Bachimont considère que ces trois facettes sont autant de niveaux dans la manière de comprendre un concept. Leur articulation est indispensable. Il oppose deux courants actuels dans la conceptualisation : une tradition nominaliste, pour laquelle l’ontologie regroupe des essences dont la signification sera explicitée de manière logico-formelle (Smith, 1998) (Guarino, 1995) ; une tradition essentialiste, selon laquelle les essences sont étudiées comme des unités linguistiques et conceptuelles, sans préjuger de leur portée ontologique réelle (Bachimont, 2004). Son point de vue, développé dans la méthode Archonte et qui a fortement influencé le groupe TIA, se situe dans une approche à la fois nominaliste et conceptuelle : à partir des manières de parler, on déduit des manières de penser pour aborder des manières d’être.

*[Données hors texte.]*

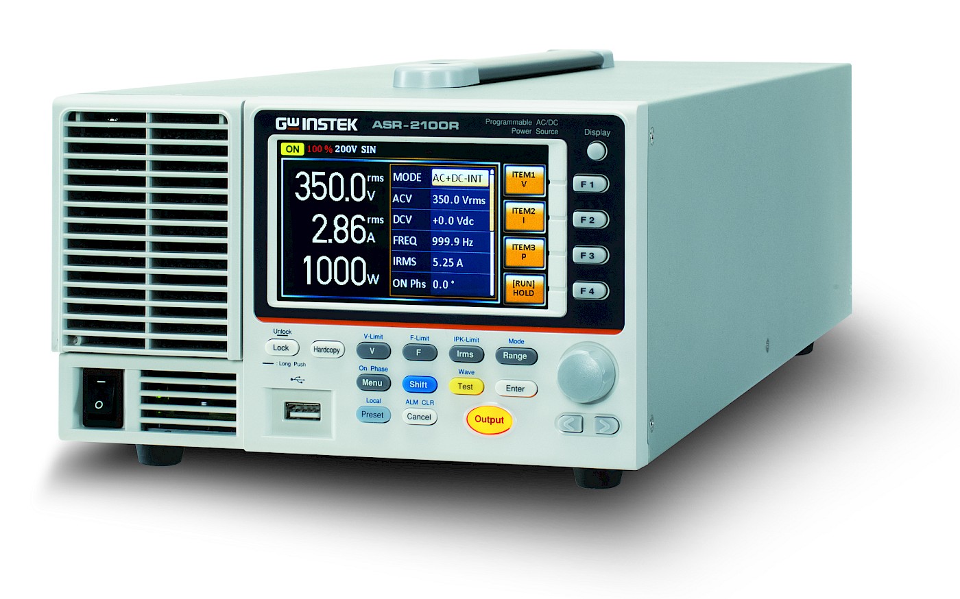 The ASR-2000 series, an AC+DC power source aiming for system integration or desktop applications, provides both rated power output for AC output and rated power output for DC output. Ten ASR-2000 output modes are available, including 1) AC power output mode (AC-INT Mode), 2) DC power output mode (DC-INT Mode), 3) AC/DC power output mode (AC+DC-INT Mode), 4) External AC signal source mode (AC-EXT Mode), 5) External AC/DC signal source mode (AC+DC-EXT Mode), 6) External AC signal superimposition mode (AC-ADD Mode), 7) External AC/DC signal superimposition mode (AC+DC-ADD Mode), 8) External AC signal synchronization mode (AC-SYNC Mode), 9) External AC/DC signal synchronization mode (AC+DC-SYNC Mode), 10) External DC voltage control of AC output mode (AC-VCA Mode). The ASR-2000 series provides users with waveform output capabilities to meet the test requirements of different electronic component development, automotive electrical devices and home appliance, including 1) Sequence mode generates waveform fallings, surges, sags, changes and other abnormal power line conditions; 2) Arbitrary waveform function allows users to store/upload user-defined waveforms; and 3) Simulate mode simulates power outage, voltage rise, voltage fall, and frequency variations. When the ASR-2000 series power source outputs, it can also measure Vrms, Vavg, Vpeak, Irms, Iavg, Ipeak, IpkH, P, S, Q, PF, CF, 100th-order Voltage Harmonic and Current Harmonic. In addition, the Remote sense function ensures accurate voltage output. The Customized Phase Angle for Output On/Off function can set the starting angle and ending angle of the voltage output according to the test requirements. V-Limit, Ipeak-Limit, F-Limit, OVP, OCP, OPP function settings can protect the DUT during the measurement process. In addition to OTP, OCP, and OPP protection, the ASR-2000 series also incorporates the Fan fail alarm function and AC fail alarm function.Accessories

1.16.1.3 Concepts et notions

En terminologie, la notion est l’équivalent du concept (Condamines, 2003) (Biébow, 2004). Selon la terminologie traditionnelle, la notion préexiste aux termes, c’est-à-dire aux unités linguistiques qui la désignent. Les notions d’un domaine scientifique ou technique s’organisent en un ensemble structuré par des relations non linguistiques, le système notionnel, qui peut être « purifié », normé pour définir une norme. La langue serait alors le point d’entrée vers les connaissances. Cette école fait l’hypothèse de la monosémie des termes dans chaque domaine de spécialité. Le but de la terminologie est alors de rassembler, selon une démarche dite onomasiologique, les termes correspondant à une notion donnée par sa définition (normée). Le lien terme-concept est alors un lien univoque de référence.

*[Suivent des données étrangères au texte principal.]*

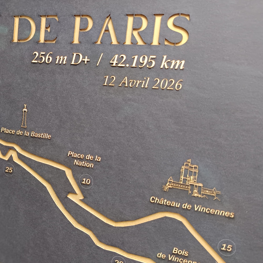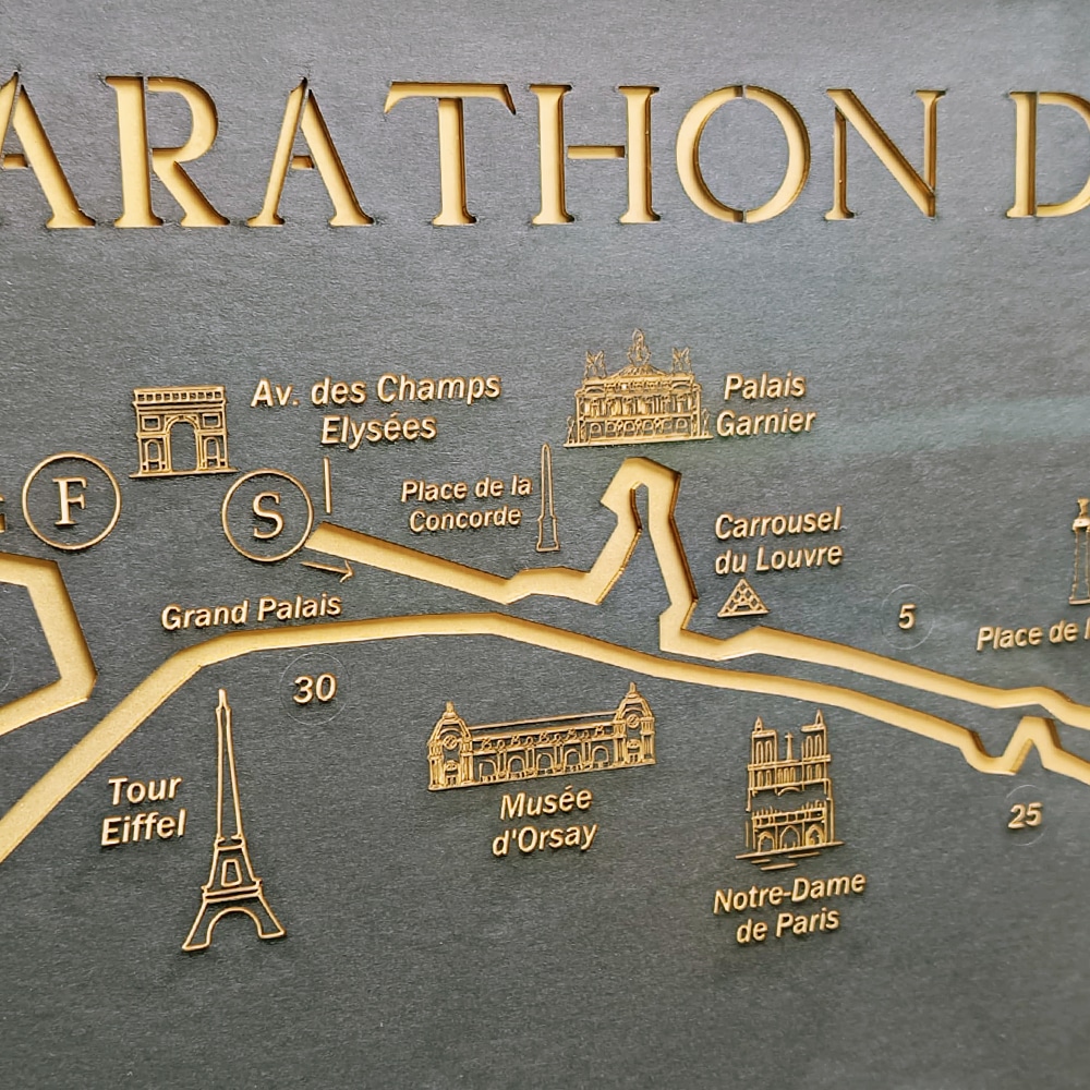 100% artisanal et Made In France, ce cadre est composé d’un fond noir gravé et découpé afin d’y insérer parfaitement ta médaille et ton dossard, et ainsi donner un maximum de relief au profil de ta course.

Les pratiques terminologiques autant que l’évolution de la théorie terminologique remettent en question cette vision. La démarche terminologique partant de textes se déroule dans le sens inverse, selon une démarche sémasiologique : partant de manifestations linguistiques, on identifie et définit des concepts. À ce moment-là, le sens est construit à partir de l’interprétation des occurrences du mot en contexte. Puis il est normé (ce qui revient à établir une convention, une norme) et normalisé (restreint pour être adapté à l’application qui va l’utiliser). Rastier parle de sens normé et non de signifié normé pour bien souligner le caractère contextuel de cette construction, liée aux occurrences observées en corpus, alors que le signifié aurait un statut indépendant du corpus (Biébow, 2004).

terminologiques et ontologiques

Le statut du concept du point de vue de la linguistique est plus complexe : il prend tantôt la place du signifié, tantôt celle d’entités générales, universelles, préexistant aux termes (Condamines, 2004). Le concept permet entre autres de rendre compte de phénomènes comme la polysémie. A.

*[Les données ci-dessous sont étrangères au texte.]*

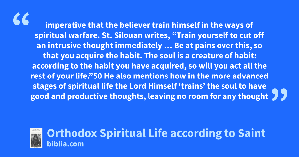 imperative that the believer train himself in the ways of spiritual warfare. St. Silouan writes, “Train yourself to cut off an intrusive thought immediately … Be at pains over this, so that you acquire the habit. The soul is a creature of habit: according to the habit you have acquired, so will you act all the rest of your life.”50 He also mentions how in the more advanced stages of spiritual life the Lord Himself ‘trains’ the soul to have good and productive thoughts, leaving no room for any thought

Condamines considère qu’il n’y a concept que si la normaison (définition de la norme) peut s’appuyer sur des régularités d’usage des signes linguistiques et si l’on dispose de critères pour conférer à ces signes un statut particulier. Dans le cadre d’analyse de corpus spécialisés, les concepts ne sont pas préexistants mais construits, et les manifestations linguistiques à partir desquelles ils sont établis ont en commun des caractéristiques liées à la situation d’énonciation.

D’une certaine façon, créer des concepts est un acte de définition, de maîtrise du sens. Dans ce même esprit, les manifestations linguistiques observées ne prennent le statut de termes qu’après avoir effectué cette définition.